## Information shown

== Segment start ==

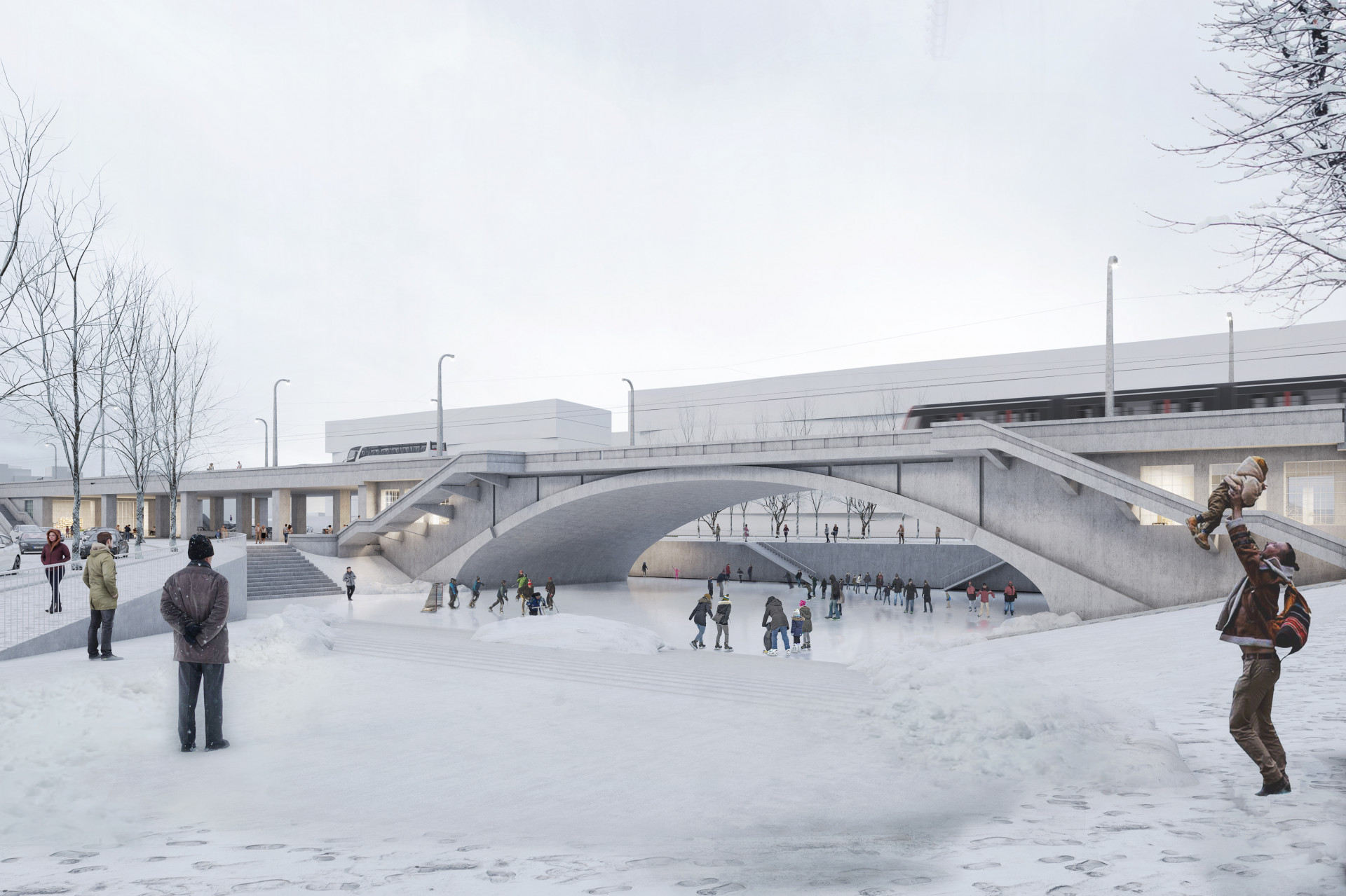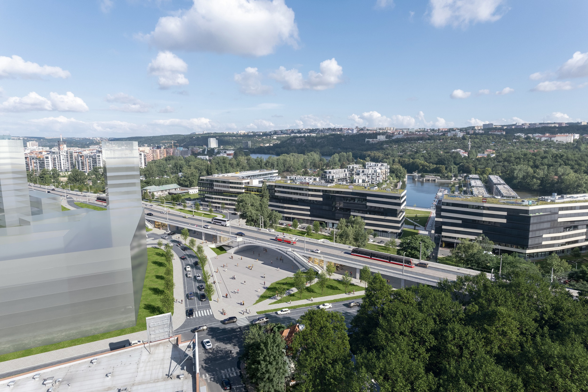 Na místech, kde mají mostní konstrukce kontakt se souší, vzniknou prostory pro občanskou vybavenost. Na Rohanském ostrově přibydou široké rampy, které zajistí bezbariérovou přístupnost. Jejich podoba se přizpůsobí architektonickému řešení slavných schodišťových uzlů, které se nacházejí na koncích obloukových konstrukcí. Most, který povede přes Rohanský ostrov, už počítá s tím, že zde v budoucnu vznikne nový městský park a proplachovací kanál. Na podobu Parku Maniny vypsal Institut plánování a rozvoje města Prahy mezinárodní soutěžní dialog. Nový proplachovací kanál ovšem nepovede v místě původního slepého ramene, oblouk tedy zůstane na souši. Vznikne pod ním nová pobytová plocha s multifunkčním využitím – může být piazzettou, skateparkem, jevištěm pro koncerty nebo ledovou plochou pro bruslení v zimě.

== Segment end ==
== Segment start ==

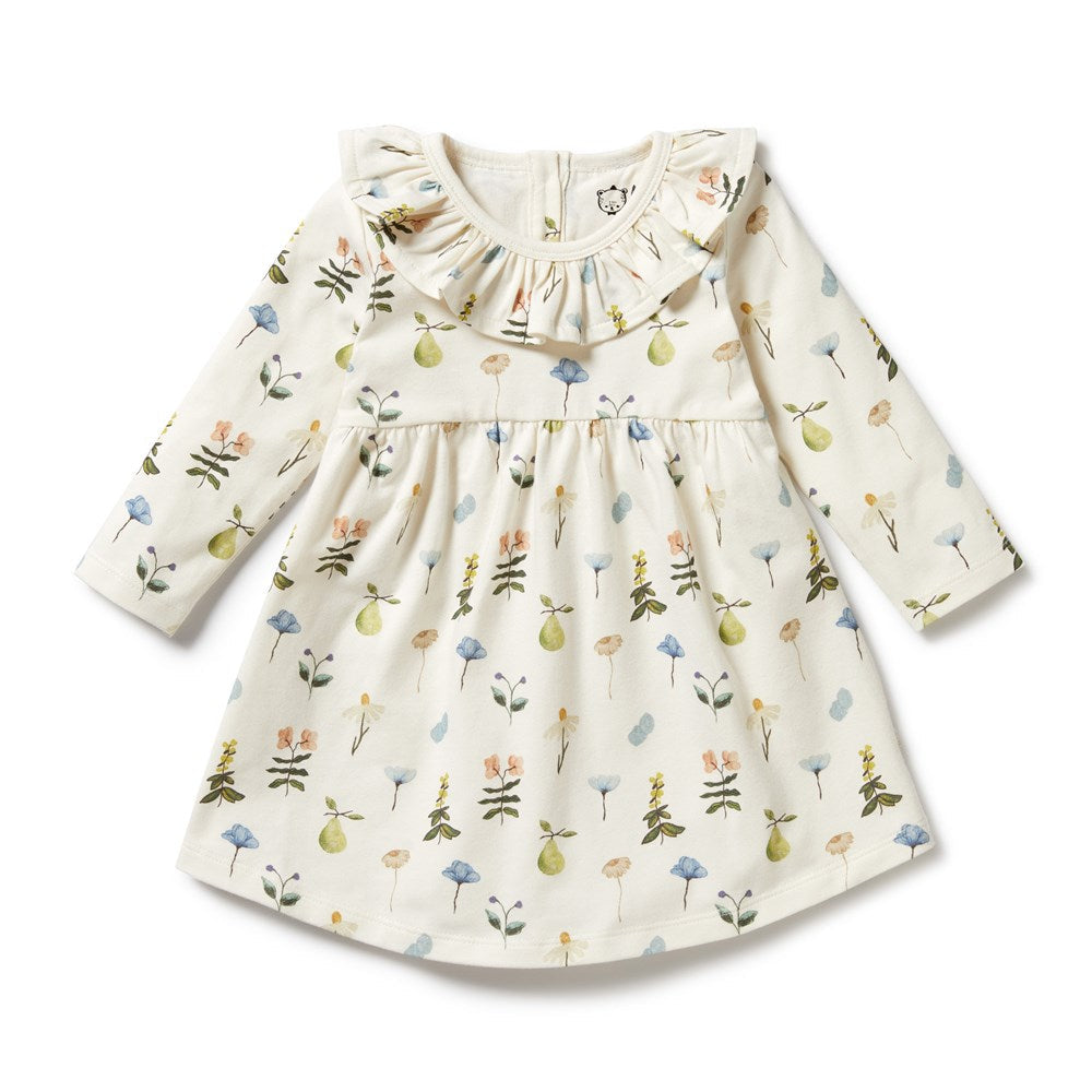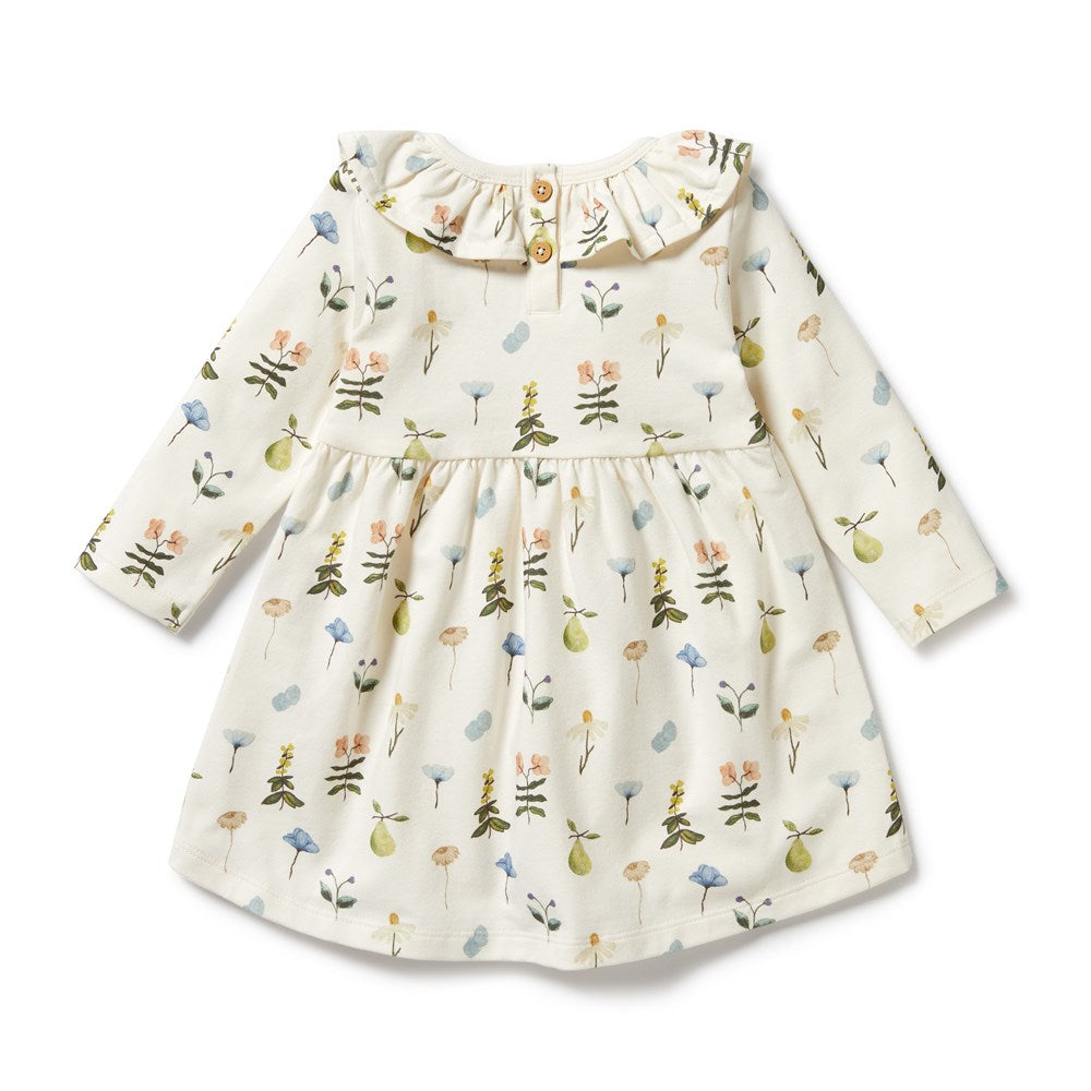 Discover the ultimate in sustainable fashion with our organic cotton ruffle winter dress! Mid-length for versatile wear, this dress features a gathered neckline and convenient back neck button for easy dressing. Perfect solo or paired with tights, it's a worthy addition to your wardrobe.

== Segment end ==
== Segment start ==

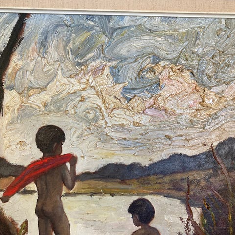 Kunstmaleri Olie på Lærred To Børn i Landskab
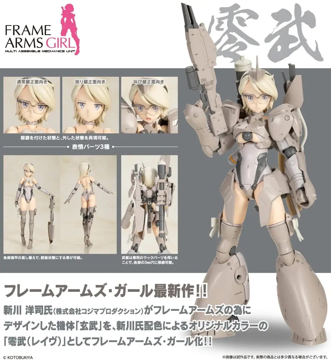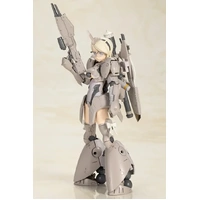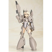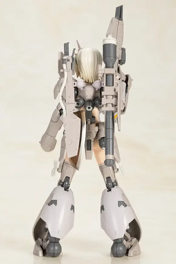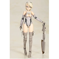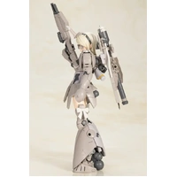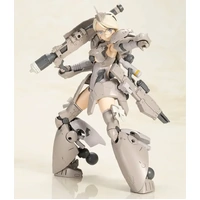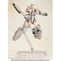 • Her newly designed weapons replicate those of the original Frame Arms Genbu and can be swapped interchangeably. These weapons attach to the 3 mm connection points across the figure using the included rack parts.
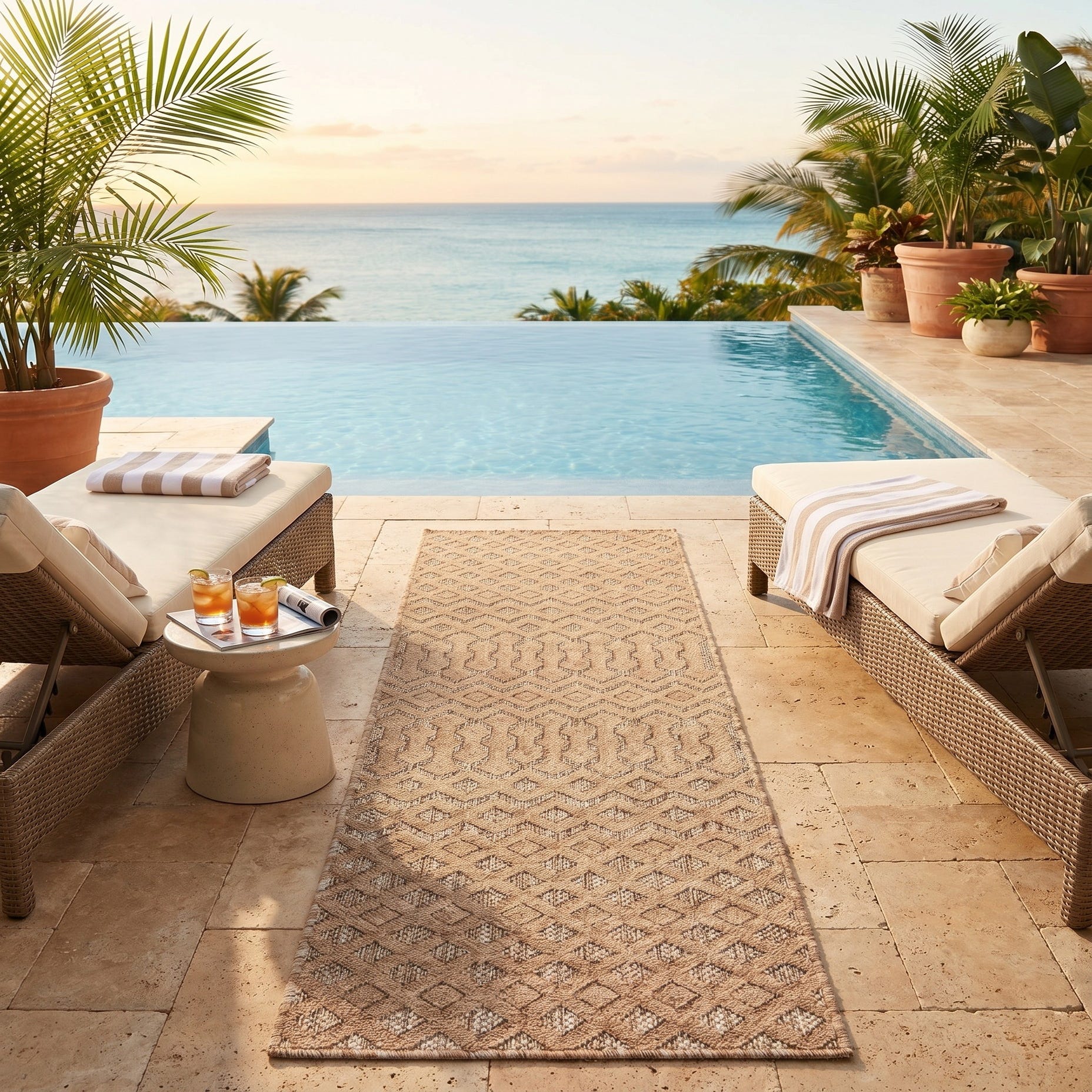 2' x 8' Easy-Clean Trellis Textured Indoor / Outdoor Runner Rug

== Segment end ==

## What to produce
What do the entries above read from the line containing "included rack parts." through the line containing "2' x 8' Easy-Clean"? Output those lines exactly, both ends included, with the pictures left out.

## Response area
 • Her newly designed weapons replicate those of the original Frame Arms Genbu and can be swapped interchangeably. These weapons attach to the 3 mm connection points across the figure using the included rack parts.
 2' x 8' Easy-Clean Trellis Textured Indoor / Outdoor Runner Rug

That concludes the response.